Matt prayed his closing words would leave an impression. “This was a case, ladies and gentlemen, that had to be brought to trial. Because the Benson City Council had the audacity to make a law prohibiting the free exercise of religion—in this case, the Christian religion. An action that flies in the face of our Constitution and everything this country stands for. An action our founding fathers hoped to avert when they wrote the First Amendment.”
He paced to the far end of the jury and noticed that each pair of eyes followed him. “We cannot allow that, friends. Not here, not in Benson. Not anywhere in the United States. Because once we let our government decide what’s acceptable in church meetings taking place in City Halls, we’re only a short jump to letting them decide what’
s acceptable in churches.” Matt’s voice rang with sincerity. “And that would mean everything our forefathers stood for, every battle fought in the name of freedom, would be for nothing.”
Matt shrugged one shoulder. “And so, honestly, ladies and gentlemen, this is not a case about separation of church and state. It’s a case about standing up for freedom. My freedom, your freedom.” He pointed to the front row of spectators where Pastor Carson was seated next to his wife among fifty people from First Church of the Valley. “Their freedom. On that note, we are not only asking that this church be allowed to maintain their lease with the Benson City Hall. We’re asking for damages. Certainly the money kept by the city these past months, when Pastor Carson’s church has had to meet in various less desirable facilities. But also punitive damages.”
He glanced at the attorneys for the city of Benson and several City Council members seated behind them. “Because what the Benson City Council did in this matter is inexcusable and deserves some type of punishment. That way word will get out: We’re serious about freedom in America. Dead serious.” He gripped the jury box and looked at them with a heart full of compassion. “You can’t write laws that fly in the face of the Constitution and expect that act of defiance to go unpunished.” There was a beat. “Each of you is here today to carry on where Thomas Jefferson and his peers first began. Protecting freedom for this generation and every generation after it.” Matt nodded. “Thank you.”

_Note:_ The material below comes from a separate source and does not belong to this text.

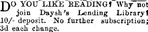 rjO YOU LIKE READING? WhyTEt join Daysh’s Lending Library? 10/- deposit. No further subscription; 3d each change.

The lead attorney for the City of Benson was an older, distinguished man whose tone was irritating and who focused on the appearance of things. Leasing City Hall to a Christian church would give the appearance of state-sponsored religion; allowing First Church of the Valley to preach Jesus Christ as the only way to salvation would give an appearance of narrow-mindedness, a lack of political tolerance. The entire matter gave the public the appearance that the Benson City Council had crossed the line between church and state. The attorney barely brushed over the fact that Pastor Carson had signed the lease agreement, binding him to whatever stipulations it contained. If a clause in the contract violated the U.S. Constitution—as Matt was suggesting—the fact that the pastor signed it would be of no significance.